As theoretical physicist my source of information comes mainly from preprint servers on the web, i.e. www.arxiv.org. In praxis one sometimes download dozens of them a day, and they are all stored in the downloads folder under some cryptic number like 0022354.pdf. But what if you're offline and looking for an article which you certeinly downloaded, but forgot the number?

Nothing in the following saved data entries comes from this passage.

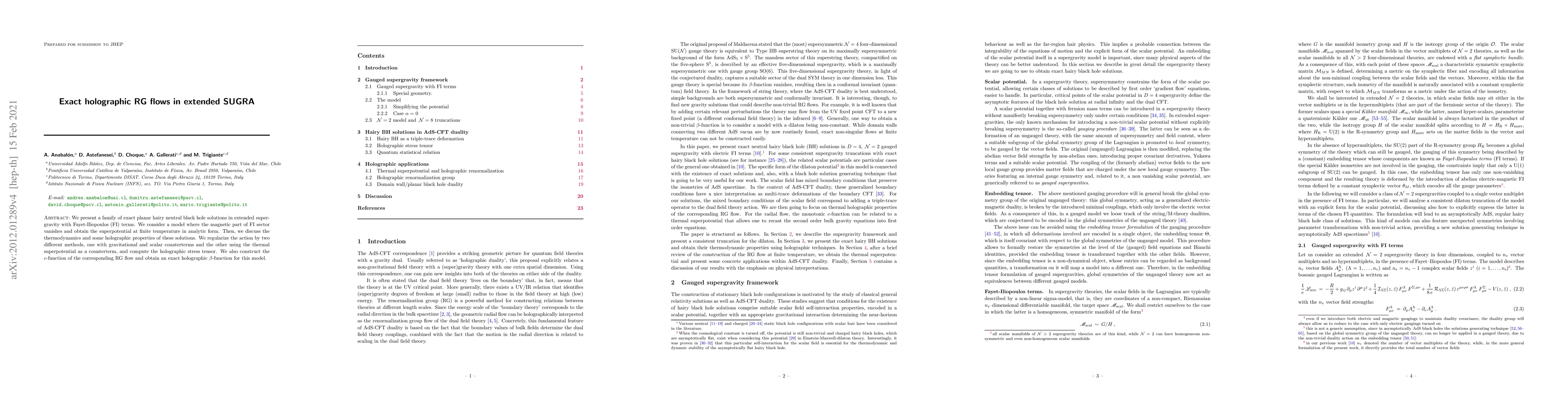 This paper presents exact planar hairy neutral black hole solutions in extended supergravity with Fayet-Iliopoulos terms, analyzes their thermodynamics, and computes holographic quantities including the holographic stress tensor and an exact holographic $\beta$-function for the corresponding RG flow. Two regularization methods are employed to derive these results.
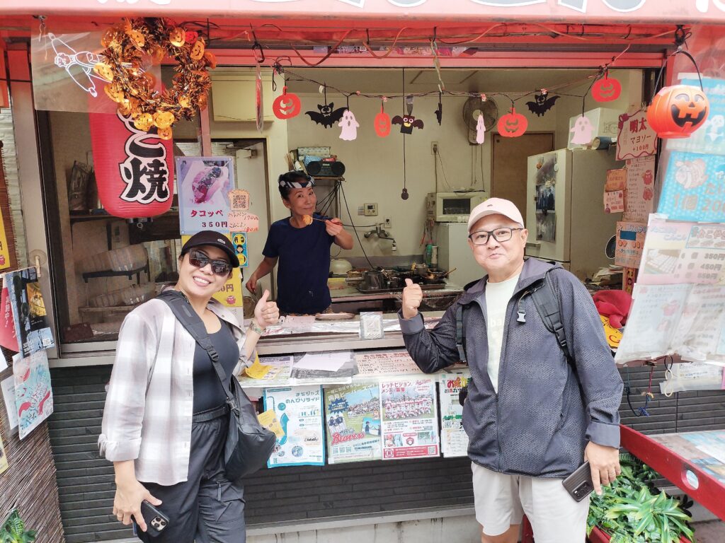 We return while viewing the Tokyo Skytree. You’ll see the daily lives of Tokyo residents, unlike the areas flooded with foreign tourists like Shibuya or Shinjuku. At Kameido Tenjin, you can also enjoy traditional Japanese sweets.
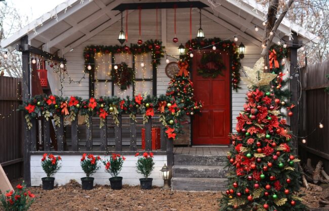 Decorating for the holiday season doesn’t have to be time-consuming or break the bank. Red ribbons on some existing potted plants (faux or real), an elegant wreath, and a garland turn this house into a cozy holiday home without having to battle with your attic storage year after year. This porch is just missing some sconces next to the windows with red ribbons to tie together the look!
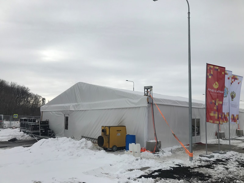 Для заказчика было важно, что бы в процессе прогрева помещения, на время проведения мероприятия был низкий уровень шума и от оборудования не исходил резкий запах гари и топлива.
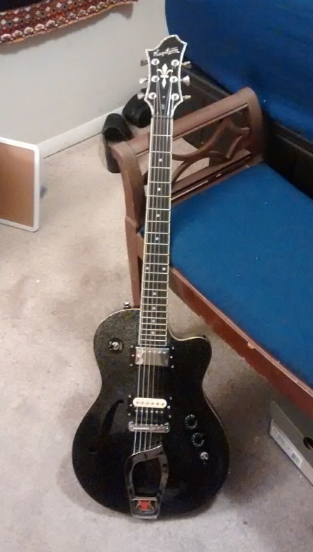 Hagstrom D2F: It's got a custom Buddha pickup in the bridge and a GFS Vintage 59 in the neck.
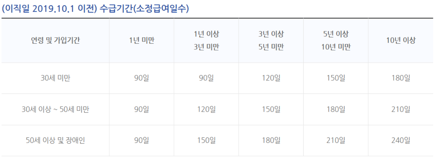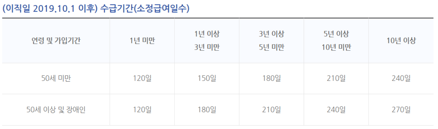 업급여 수급기간은 나이, 월급, 근무한 기간에 따라 달라진다고 합니다. 수급 기간은 최소 120일에서 최대 270일까지라고 합니다.
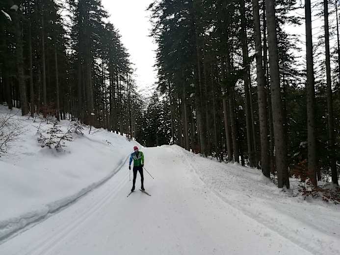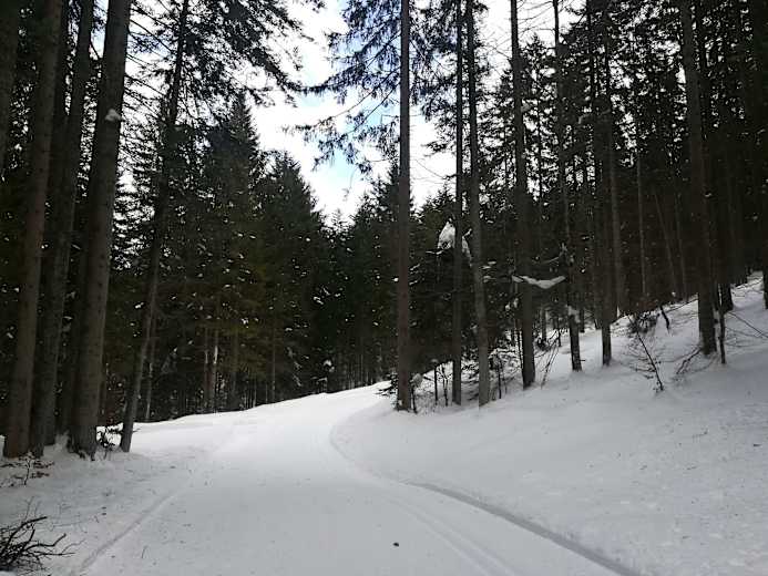 Die Loipe C8 führt von Muggenmoos nach Wildmoos zum Golfplatz. Dabei sind einige kurze aber sehr steile Passagen zu überwinden.
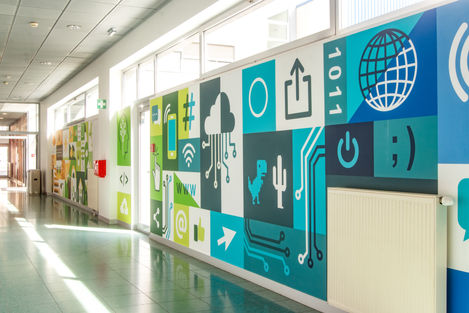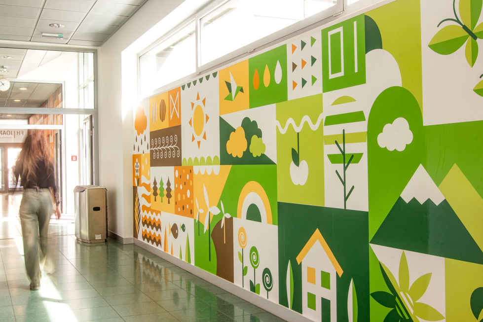 Während meines Masterstudiums an der FH JOANNEUM habe ich gemeinsam mit meinen Studienkolleginnen Melanie Bräuer und Laura Siller den Eingangsbereich des Hauptgebäudes neu gestaltet. Die Gestaltung entstand im Rahmen eines Wettbewerbs unseres Jahrgangs, bei dem sich unser Konzept durchsetzte und schließlich realisiert wurde. Unser Ziel war es, sowohl die Identität und das Studienangebot der Hochschule zu visualisieren als auch eine freundliche, lebhafte Atmosphäre zu schaffen.
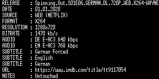 | FiLENAME: | Spinning.Out.S01E06.GERMAN.DL.720P.WEB.X264-WAYNE.mkv |
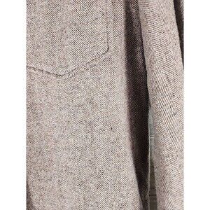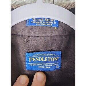 A few pin sized holes in the wool, see photos. The Pendleton Guide Shirt is a stylish and versatile men's flannel shirt made from 100% Virgin Wool in a rich solid brown color. This shirt features a classic collared neckline with a button-up closure and long sleeves, making it suitable for a variety of occasions including casual outings, formal events, and even workwear. The regular fit and size Large ensure a comfortable and flattering silhouette, while the wool fabric adds warmth and durability, perfect for all seasons. This shirt is a timeless addition to any man's wardrobe, with a touch of sophistication and quality from the renowned brand Pendleton.
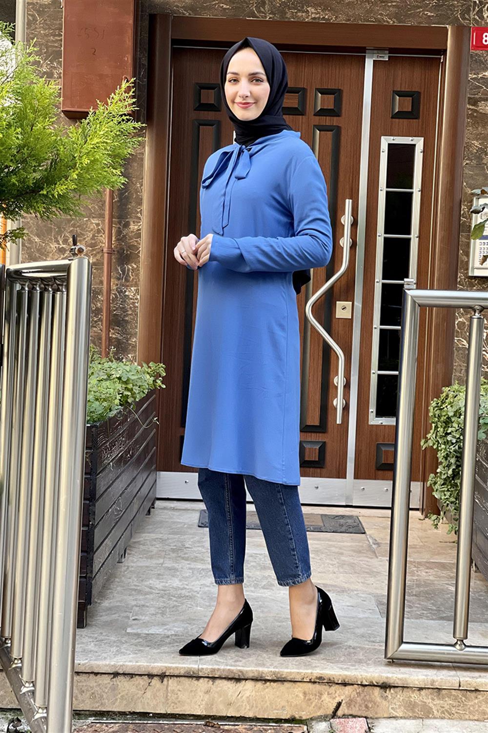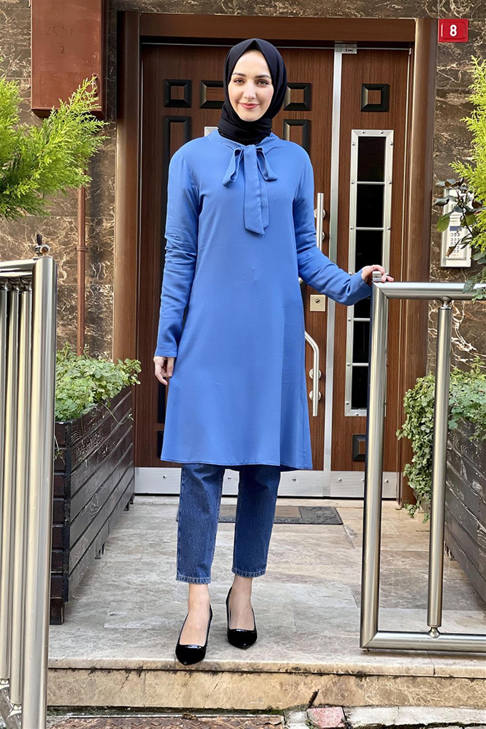 Yakası Bağlamalı Tesettür Tunik İndigo

Therefore I'd like to have a tiny program that scans all pdfs in a certain folder and extracts information like author, titel, arxiv-number (i.e. for example hep-th/xxyyzzz), and also offers a full-text search. In principle this shouldn't be difficult, because there are e.g. the UNIX tools to extract text from pdfs. Just, someone needs to write a nice frontent, and an algorithms, which can extract all the data I mentioned above. I think many people in the scientific community would be grateful for such a program.

Thanks,
Marco
     
Mac Elite
Join Date: Oct 1999
Location: San Jose, Ca
Status: Offline
Reply With Quote
Mar 12, 2005, 07:52 PM
 
If you just wait for 10.4 you can use spotlight for this. It has a plugin (default) to index the text in PDF's, so you will be able to search for these strings easily. It won't extract and label things like name (but that would probably prove very difficult to do programmatically anyways), but you can still search for it.
     
Professional Poster
Join Date: Oct 1999
Location: :ИOITAↃO⅃
Status: Offline
Reply With Quote
Mar 13, 2005, 05:29 AM
 
I'm right now beginning work on just such a program (it will be 10.4-only, probably). I concur that machine-learning algorithms for extracting the author, title, etc. may not do very well. In the meantime,try BibDesk and its AutoFile function. It won't extract fields automatically, but as soon as you enter them, it will stash the PDF in the folder of your choosing.
     
   
Thread Tools
Forum Links
Forum Rules
You may not post new threads
You may not post replies
You may not post attachments
You may not edit your posts
BB code is On
Smilies are On
[IMG] code is On
HTML code is Off
Trackbacks are On
Pingbacks are On
Refbacks are On
Top
Privacy Policy
All times are GMT -5. The time now is 09:14 AM.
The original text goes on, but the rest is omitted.